Speaking of work, I had another superb email today. I'll share it with you;


Hi Nick,


Just to confirm the second delivery of letterhead will take place tomorrow.  The courier will ask for you.


We’ll stay closely in touch with the courier to ensure all goes to plan.


Kind regards,


Jackie

Kill me now. See I'm not making this shit up. It really happens. I'll keep you posted on Twitter tomorrow to see if it turns up. We'll keep closely in touch to see it arrives. Don't people understand the importance of fucking stationary. Jackie does. She knows the score. I'll keep you informed tomorrow.

Oh yes, i keep forgetting Are you following me on Twitter? @comedychops - If not click here and get on it. https://twitter.com/#!/ - you can keep up to date with all the latest letterhead gossip. (Gun to head)



On another, somewhat more serious subject i got chatting last night to someone who had been going through a really bad emotional time over past few months. They were in a bad way. Didn't really know which way to turn. Couldn't really talk to anyone and certainly couldn't relate to anyone 'normal'. They were fucked in the head. Low self esteem, fear, low motivation, depression, feelings of worthlessness, isolation, stuck in a painful place. Oh my god i know that place so well.

I was able to talk to them 'on a level'. Bit worrying that someone who is by their own admission 'fucked up', so related to me and felt 'on a level'. Er, i think that makes me sick too! I actually know that though, and warmly embrace it. As they say, enjoy your insanity.

It was sad to hear, but also quite positive in helping someone to understand they are not alone, that many people feel this way, it is not 'alien' or 'weird' and it's OK to be like that. Some people are born with physical deformities, some people born beautiful, some are born with unshakable self confidence. some are morons, and some people are born with chronic self esteem and dodgy head syndrome (non medical term). I certainly fall into that category.

I suppose I've been so lucky over past 11 years, in that i can go to AA meetings and share my sick head, to try and shift it, connect with other lunatics and get on with life. Before i used to bury it with alcohol or in some cases drugs. Now it's AA and other nonspiritual things.

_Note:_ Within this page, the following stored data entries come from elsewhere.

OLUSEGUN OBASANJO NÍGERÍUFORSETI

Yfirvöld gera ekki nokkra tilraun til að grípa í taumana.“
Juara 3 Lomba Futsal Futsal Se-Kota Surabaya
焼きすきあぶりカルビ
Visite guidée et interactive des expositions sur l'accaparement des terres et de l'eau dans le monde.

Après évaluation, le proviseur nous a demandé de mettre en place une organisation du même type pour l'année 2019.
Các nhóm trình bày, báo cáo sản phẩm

It's the ones who suffer in silence, alone without being able to talk it through i feel for. Yes, counselling etc is valid and good, but ultimately how can someone help you if they've never experienced what you do? Do you pay someone for the rest of your life to talk through 'issues'.

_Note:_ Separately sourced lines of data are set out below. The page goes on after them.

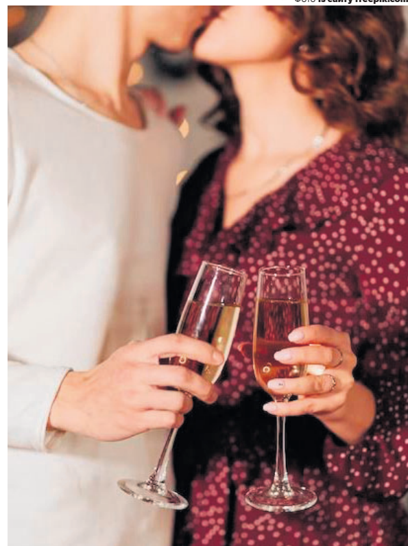
«Шампанське – нестримне і божевільне».

– А що з поцілунками? Більша ймовірність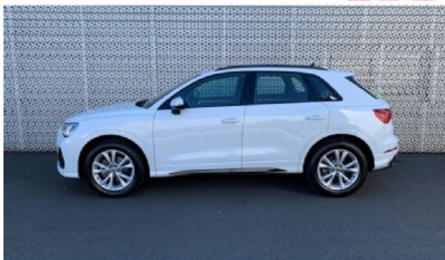
Audi Occasion plus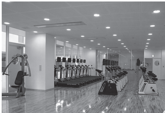
スポーツ科学部は昭和44年に創設された体育科学部を前身にしており、平成10年にスポーツ科学部に改組された

このプログラムの特徴は、強化・支援サポートのターゲットを絞っているところである。スポーツ科学部に在籍している学生1,203名のうち、204名を対象としており、その204名もAからDのランクに分け(図2)、それぞれのランクに応じた「教育」、「強化」、「支援」の3つのカテゴリからなるサポートを行っている。サポート内容は、コンディショニング記録ファイルを用いたコンディショニングサポート、独自シートを用いた目標設定サポート、栄養とメンタルのサポートセミナーの開催、トップアスリートやエリートコーチを招いた年10回のセミナーの開催、研修補助金のあるスポーツ海外研修への派遣(図3)等であり、「少しでもアスリートの近くにいること」を目標としている。この強化・支援プログラムによって、オリンピックや世界大会、ワールドカップ等に国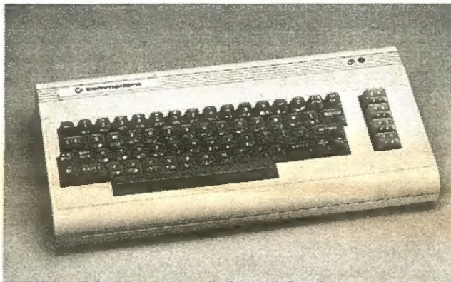
O Commodore 64, surgido em 1982, entrou na história como o computador pessoal do qual foram vendidos mais exemplares no mundo inteiro

Ainda em 1982, a ascensão do IBM PC e do MS-DOS viria a ser reforçada pelo anúncio do microprocessador 80286, da Intel, que iria dar origem ao IBM Personal Computer — Advanced Technology, ou seja ao PC-AT, mas um bom número de construtores preferiu o 68000 da Motorola, para oferecer características ainda melhores — um exemplo foi o da Fortune Systems com o seu modelo 32-16, enquanto outros apostavam nos sistemas de biprocessadores, como a Tandy-Radio Shack, com o seu TRS-80 Model 16, que dispunha de um Z80 (para correr os programas de CP/M) e de um 68000 — custava 4999 dólares, tinha 128 Kb de RAM e usava disquetes de oito polegadas. O mesmo acontecia com a Digital, a Commodore, a Vector Graphic, a North Star e a Heath/Zenith. Um erro de estratégia, porque os programas do CP/M, com o seu limite de 64 Kb, foram, bem depressa superados pelos do MS-DOS, que dispunham de um limite dez vezes maior, e porque, em contrapartida, ainda não havia — nem há — um sistema operativo tão universal como o MS-DOS e similares para os computadores

And what of the self reliance ones? They are truly heroic, but it's painful carrying around stuff in your own head all the time, battling it saying 'i will beat you'. Sometimes it's just good to let go and share with someone similar who won't judge, criticise, offer advice. They will just laugh and go 'ha, i know it's a fucking nightmare isn't it'.

It's good to lighten the load, laugh at it. Accept it and try to live with it. Sometimes its hard and gloomy and other times it's OK, but from last night's conversation it was great to see someone lighten and see that relief that they connect with a fellow lunatic and feel not so alone and like a weirdo. i used to feel that so much, even in groups of friends. The loneliest place to be when surrounded by people yet you feel alone. #mentalillness

So, if you're reading this and struggling, share it. Write it down, find someone who has a similar problem, don't keep it in. What have you got to lose? I share everything, probably too much, but I'd rather be like that than suppressed and living a lie. How many people have those massive smiles on their faces, all for show and when asked how they are, rather too enthusiastically reply 'i'm fine'. Their lips saying one thing, their face saying 'i'm about to fall apart or do a spree killing. Help'

As someone once said to me, what does Fine actually mean?

F ucked Up
I nsecure
N ervous
E motional

Let it all out people, we're all in this together

Love n stuff to all

xx













1 comment:

  1. Hi Nick, what's the letterhead for? Hope it all arrives tomorrow nicely printed and all.